When increasing the segment size from 16 MB to 128 MB, we only see a marginal 8% improvement at large writes with fsync enabled:
wal_acceptor_throughput/fsync=true/commit=false/size=1024
time: [25.258 s 25.348 s 25.433 s]
thrpt: [40.262 MiB/s 40.398 MiB/s 40.542 MiB/s]
change:
time: [-2.4044% -1.8825% -1.3797%] (p = 0.00 < 0.05)
thrpt: [+1.3990% +1.9186% +2.4637%]
wal_acceptor_throughput/fsync=true/commit=false/size=8192
time: [4.2398 s 4.2792 s 4.3206 s]
thrpt: [237.01 MiB/s 239.30 MiB/s 241.52 MiB/s]
change:
time: [-4.4160% -3.0942% -1.7938%] (p = 0.00 < 0.05)
thrpt: [+1.8266% +3.1930% +4.6200%]
wal_acceptor_throughput/fsync=true/commit=false/size=131072
time: [1.3707 s 1.3994 s 1.4365 s]
thrpt: [712.85 MiB/s 731.76 MiB/s 747.08 MiB/s]
change:
time: [-6.3426% -4.0051% -1.0257%] (p = 0.01 < 0.05)
thrpt: [+1.0363% +4.1722% +6.7721%]
wal_acceptor_throughput/fsync=true/commit=false/size=1048576
time: [1.3187 s 1.3252 s 1.3319 s]
thrpt: [768.85 MiB/s 772.73 MiB/s 776.51 MiB/s]
change:
time: [-8.4178% -7.2095% -6.1468%] (p = 0.00 < 0.05)
thrpt: [+6.5494% +7.7696% +9.1915%]
The run with fsync disabled also saw minor improvements, but it's already saturating the hardware:
wal_acceptor_throughput/fsync=false/commit=false/size=1024
time: [24.855 s 24.958 s 25.061 s]
thrpt: [40.861 MiB/s 41.029 MiB/s 41.199 MiB/s]
change:
time: [-1.8436% -1.3008% -0.6921%] (p = 0.00 < 0.05)

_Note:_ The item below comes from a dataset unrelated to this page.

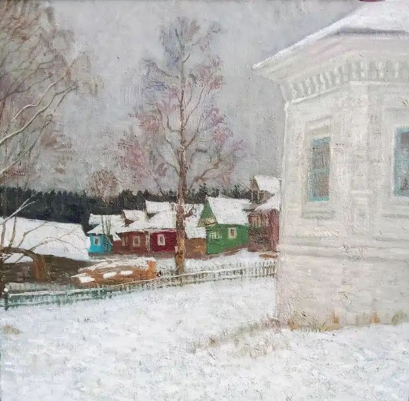 Легко заметить устойчивость в выборе пейзажных мотивов. В разных вариантах и сочетаниях, от работы к работе художник поистине поклоняется этому уголку малой родины на своем берегу. В пейзажах художника можно отметить нечто общее, что проходит лейтмотивом почти через все творчество художника – это удивительная гармония, тишина и покой. В них нет драматизма и столкновений – лишь умиротворенность и порой тихая грусть. Художник словно пишет зримый рассказ о красоте русской природы во все времена года и во всех ее состояниях, передавая в этюдах и картинах свои переживания и чувства.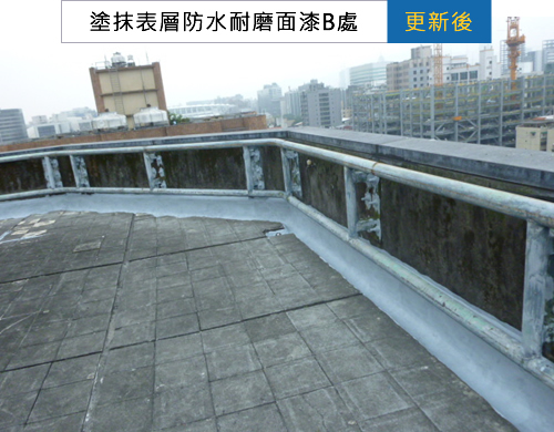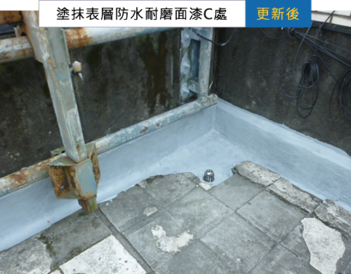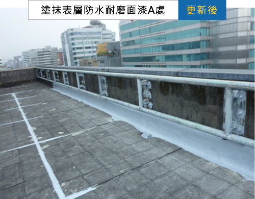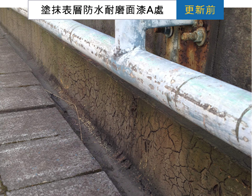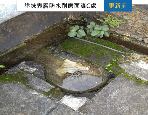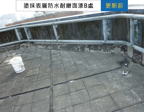 1. 打除水溝、女兒牆小平台上之瀝青防水層,原落水頭也一併拆除。

thrpt: [+0.6969% +1.3180% +1.8783%]
wal_acceptor_throughput/fsync=false/commit=false/size=8192
time: [3.7415 s 3.7863 s 3.8349 s]
thrpt: [267.02 MiB/s 270.45 MiB/s 273.69 MiB/s]
change:
time: [-4.4309% -2.8678% -1.1727%] (p = 0.00 < 0.05)
thrpt: [+1.1866% +2.9524% +4.6363%]
wal_acceptor_throughput/fsync=false/commit=false/size=131072
time: [903.61 ms 920.39 ms 941.14 ms]
thrpt: [1.0625 GiB/s 1.0865 GiB/s 1.1067 GiB/s]
change:
time: [-2.4959% +0.4753% +3.9114%] (p = 0.78 > 0.05)
thrpt: [-3.7642% -0.4731% +2.5598%]
wal_acceptor_throughput/fsync=false/commit=false/size=1048576
time: [847.05 ms 852.62 ms 859.55 ms]
thrpt: [1.1634 GiB/s 1.1729 GiB/s 1.1806 GiB/s]
change:
time: [-7.3003% -5.4448% -3.8696%] (p = 0.00 < 0.05)
thrpt: [+4.0253% +5.7583% +7.8752%]
The large discrepancy compared with the macOS results (200% improvement) is mostly down to fsync latencies. On my MacBook with macOS, an 8-byte write+fsync write takes 4.1 ms -- on the i4i.2xlarge
running Linux, an 8-byte write+fsync takes 0.1 ms.
However, even with 256 MB segments and 8 MB append sizes, we're still capping out at 700 MB/s. We may be hitting some other bottleneck instead. Maybe the segment size will matter once we resolve this other bottleneck, or with faster disk. Worth exploring further.
I ran these benchmarks on a Hetzner node with a local SSD as well, results were similar.
Fsync costs when closing and initializing segments significantly affect WAL ingestion throughput. Increasing the segment size would amortize these costs.
Local experiments on my MacBook show that increasing the segment size from 16 MB to 128 MB yields a 200% improvement in throughput for large appends.